Gd (III) complexes are currently the most frequently used contrast agents to enhance cerebral pathologies using T_1w Magnetic Resonance Imaging. Clinically available Gd(III) chelates depict appropriate safety profiles, with very high stability constants difficulting transmetallation, and relatively fast renal elimination rates, decreasing systemic accumulation^1,2. These circumstances limit appropriately their potentially toxic repercussions and underlie their enormous clinical success. However, some Gd(III) chelates were shown to induce important toxicity responses as the nephrogenic systemic fibrosis (NSF) syndrome³, and a recent study showed that even healthy patients who received Gd(III) based contrast agents, presented Gd(III) accumulation in the brain, mainly in the globus pallidus and the dentate nucleus⁴. On these grounds we thought it would useful to characterize in more detail the pharmacokinetics of Gd(III)DTPA (Magnevist) in different brain structures after intravenous administration to healthy mice. We report here accurate measurements of the uptake, elimination and half-life of Magnevist (Gd(III) DTPA) in different regions of the healthy mouse brain. Our results show that the clearance of Magnevist varied widely in the brain regions analized, being faster in the cerebrospinal fluid of cerebral ventricles and subdural space and very much slower in the cortex, hypothalamus, globus pallidus and dentate nucleus.Animal protocols were approved by appropriate institutional committees. Adult C57BL6J male mice (30 g, n=6) were anesthetized with isofluorane/oxygen (2%) mixtures, their temperature maintained at 37⁰C during scanning with a recirculating water bath. T₁-weighted images of the mouse brain (MSME sequence, TE: 10.64ms, TR: 400ms, 3 Averages, 256x256, 14 slices) were successively acquired (3,84 min acquisition each) before (5 images) and after (80 images) Gd(III)DTPA injection (0,3M/100 mL) in the tail vein. Images were analyzed using Image J software, fitting intensity changes to a biexponential model $$$(I=a\cdot e^{-k_{absb}\cdot t}+b\cdot e^{-k_{el}\cdot t})$$$ with R software yielding rate constants of Magnevist absorption (k_abs) and the elimination (k_el) in seven manually selected regions of the brain, including: cortex, hypothalamus, lateral ventricles, third ventricle, subdural space, dentate nucleus and globus pallidus (Figure 1).

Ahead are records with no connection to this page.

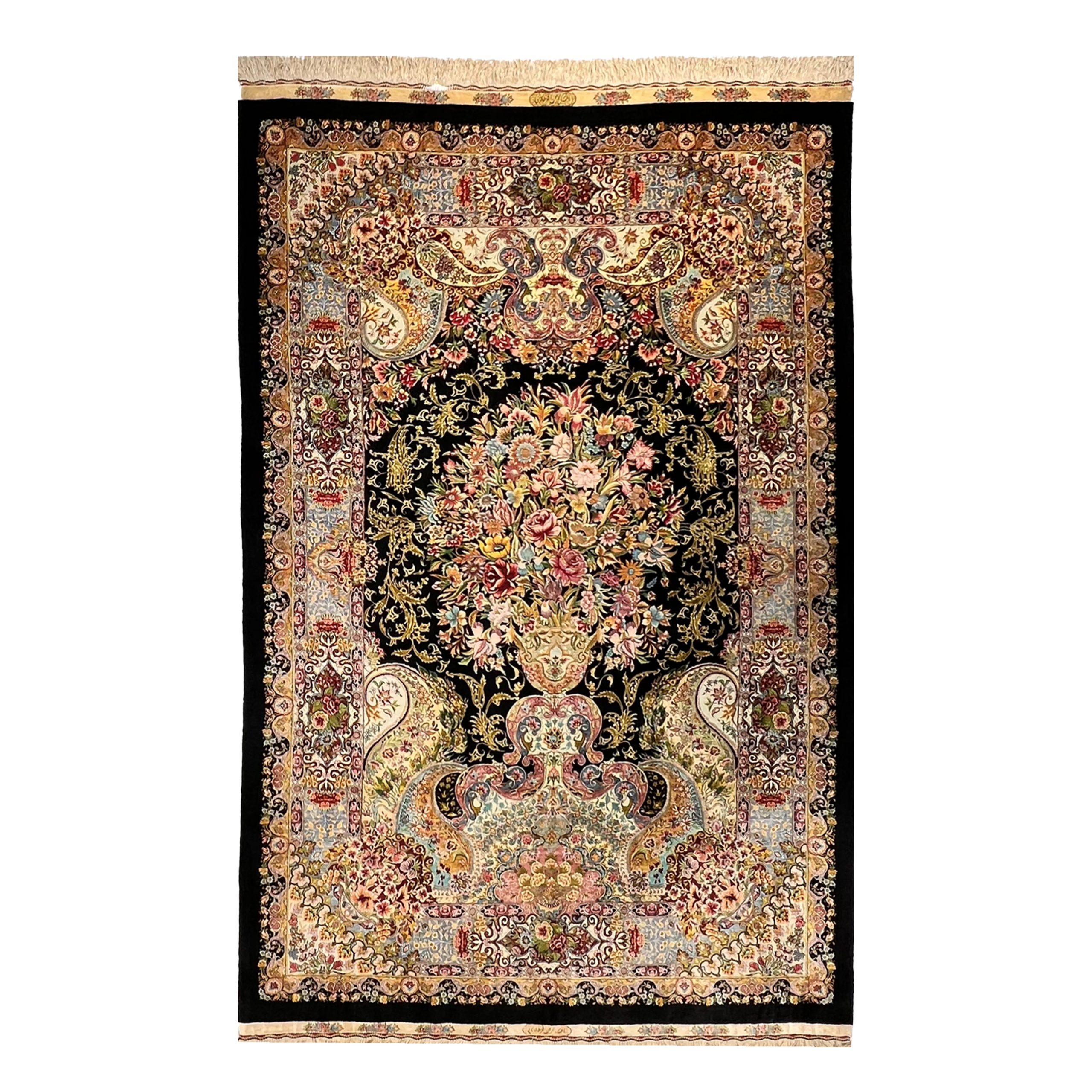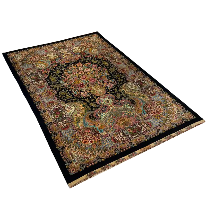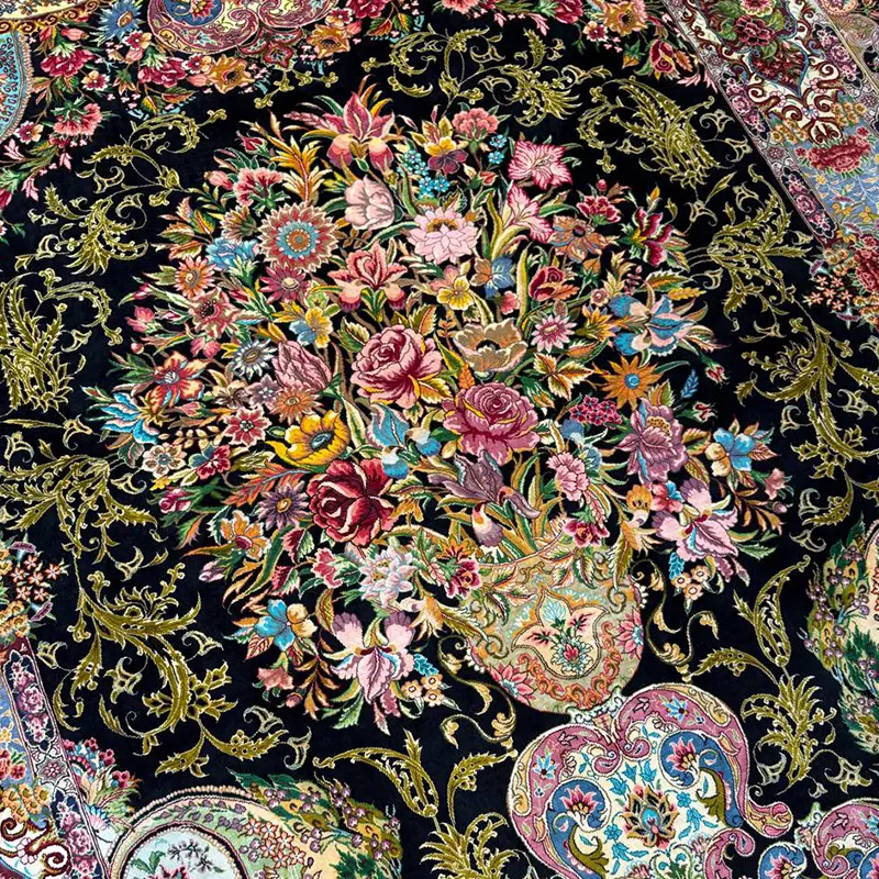قالیچه قم تمام ابریشم: تابلویی از لطافت، شکوه و هنر ایرانی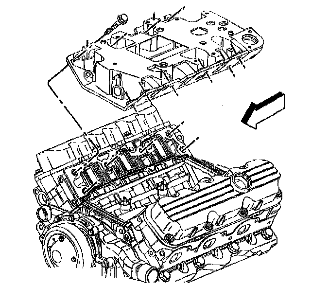 Intake Manifold Removal - LowerImportant: Bolts which fasten the lower intake manifold to the cylinder head are accessible only after the upper intake is removed. The bolts are located in the right front and left rear corners of the lower intake manifold. Remove the upper intake manifold to service the lower intake.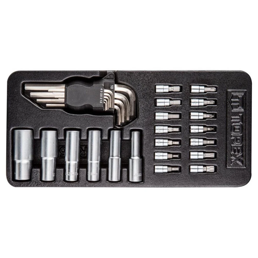 Hylssats med 29 delar, en mångsidig sats för mekaniska uppgifter, med insexnycklar, bits och hylsor. Tillbehören är sorterade i en plasthållare.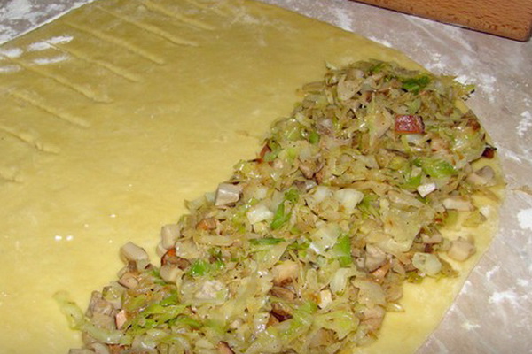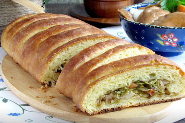 Une tarte au chou et aux champignons salés dans une pâte à la levure aura fière allure même lors d’un événement festif.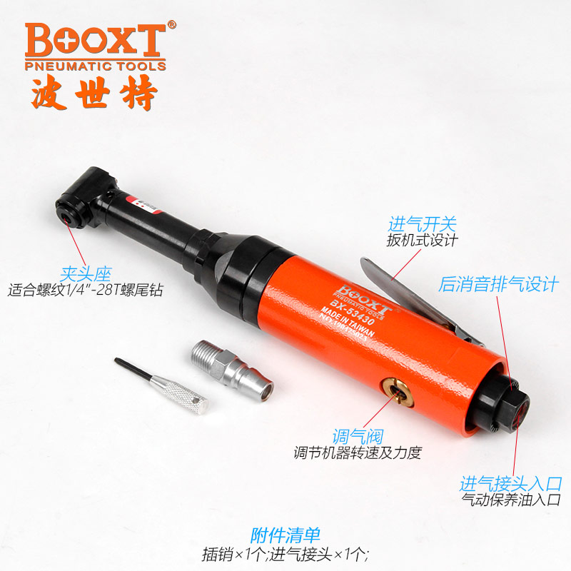東莞市強(qiáng)勁五金工具有限公司提供臺灣BOOXT波世特品牌氣動工具,螺紋柄氣動鉆BX-53430廠家直銷,首件享特價。咨詢熱線:4008301980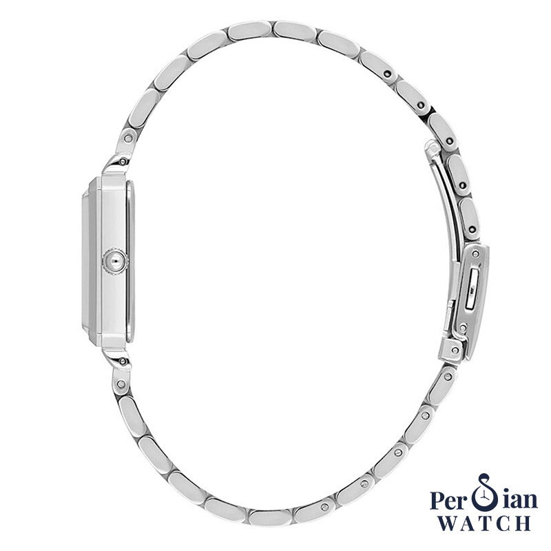 زبان طراحی مینیمال–جواهری با بند دستبندی استیل، ظاهر ساعت را تمیز و شیک نگه میدارد. فرم چهارگوش کشیده باعث میشود ساعت روی مچهای ظریف متعادل بنشیند و زیر آستین بهراحتی قرار بگیرد.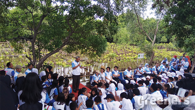 “Kalau mangrove di Jakarta rusak maka intrusi air laut akan semakin masuk ke daratan. Mangrove itu berguna bagi kita. Bisa diolah untuk makanan, membuat kertas, untuk batik, tepung, sirup sampai untuk wisata alam,” ucap Hilman.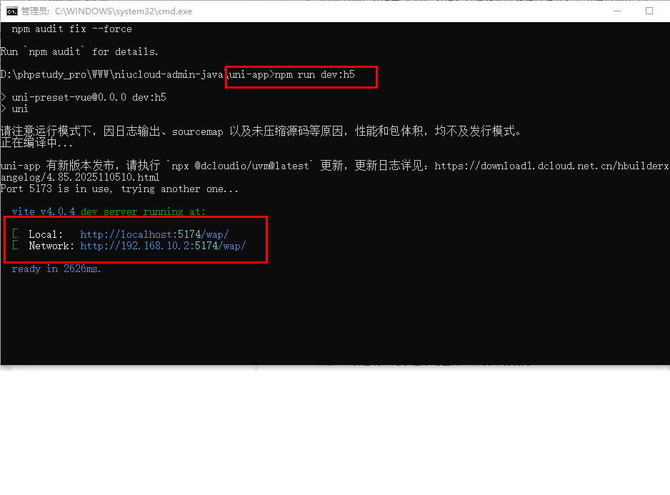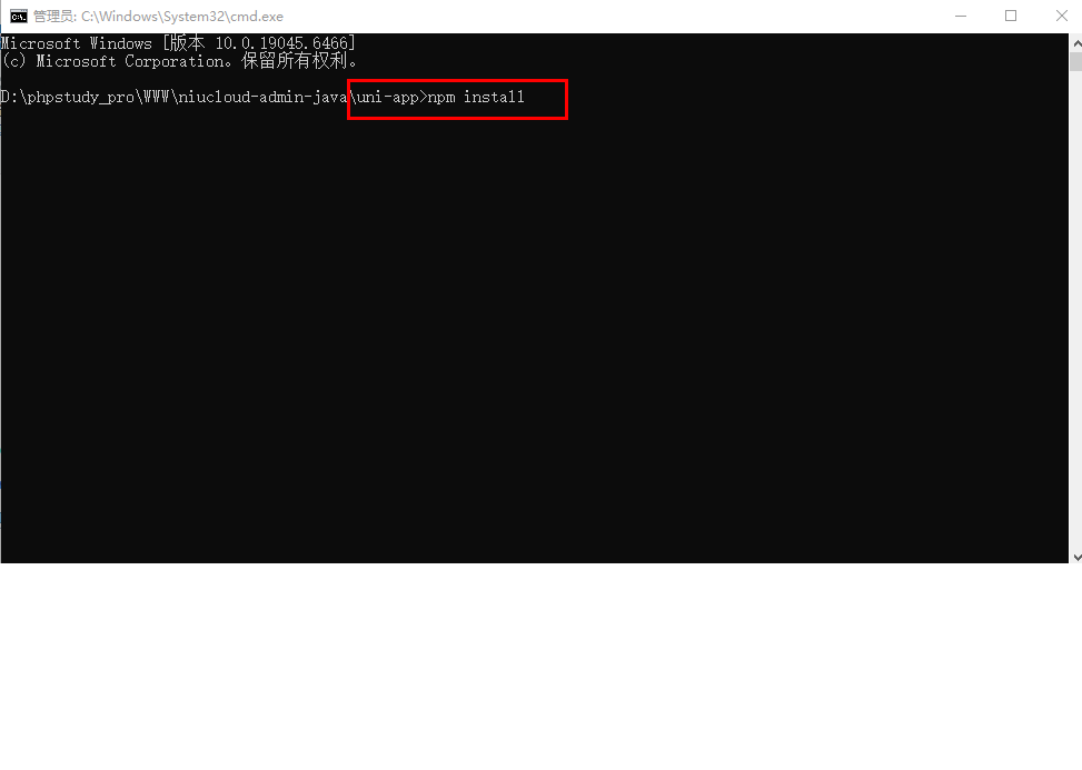 下面开始启动 nodejs 的命令行运行,打开对应 uniapp 目录,首先执行 npm install 安装依赖
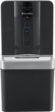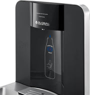 A LED filter status indicator alerts users when a filter change is needed, and a digital bottle counter displays the number of plastic bottles saved from waste, promoting sustainability.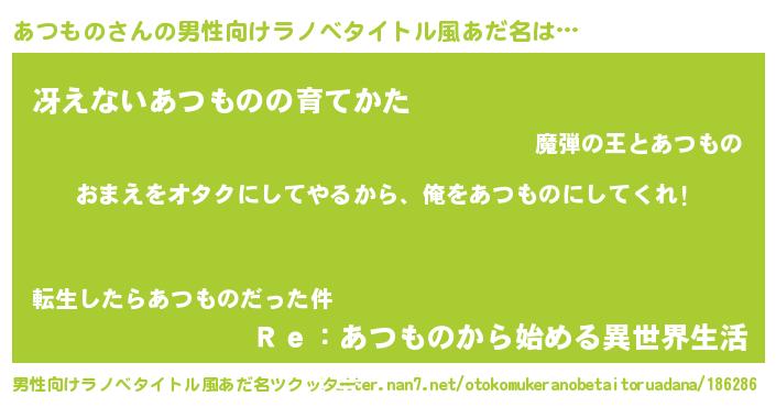 | 女子向けラノベタイトル風あだ名 | 『あつもの夫妻のなれそめ』 |

Figure 2 shows representative results of the biexponential fittings in the different regions investigated. The ventricles and subdural space depict a faster intensity loss, revealing a fast elimination of Magnevist. However, in the cortex, hypothalamus, dentate nucleus and globus pallidus, the elimination was remarkably slower, indicating a much longer residence time of Magnevist in those regions. Table 1 summarizes the absorption and elimination rate constants, mean half-life, and time to 99% signal loss in of these region.

Calculated k_abs showed the rapid absorption in the highly permeable ventricles and hypothalamus, slowing down significantly in cortex, subdural space, globus pallidus and dentante nucleus (Figure 2). The half-life and the time when the intensity has a value equal to 0.01% of the initial intensity value depicted rapid clearance from the ventricles and subdural space. However, clearing 99% of the agent (t_99%) required 617 h. in the cortex, 245 h in the globus pallidus and approximately 100h in hypothalamus and dentate nucleus, revealing very high residence time of Magnevist in those regions. Considering the injected dose is approximatelly, 10 mmol/g body weight, it is easy to infer that, even after 99% Gd(III)DTPA has been cleared, significant amounts of Magnevist remain trapped to different extents in cerebral tissues.

Our results show that, despite Magnevist is quickly cleared from cerebral ventricles and subdural space, we detect a long high half-life of Magnevist in cerebral regions as cortex, hypothalamus, globus pallidus and dentate nucleus. These results reveal that MRI detectable Magnevist concentrations remain trapped in specific brain regions long time after the MRI scan.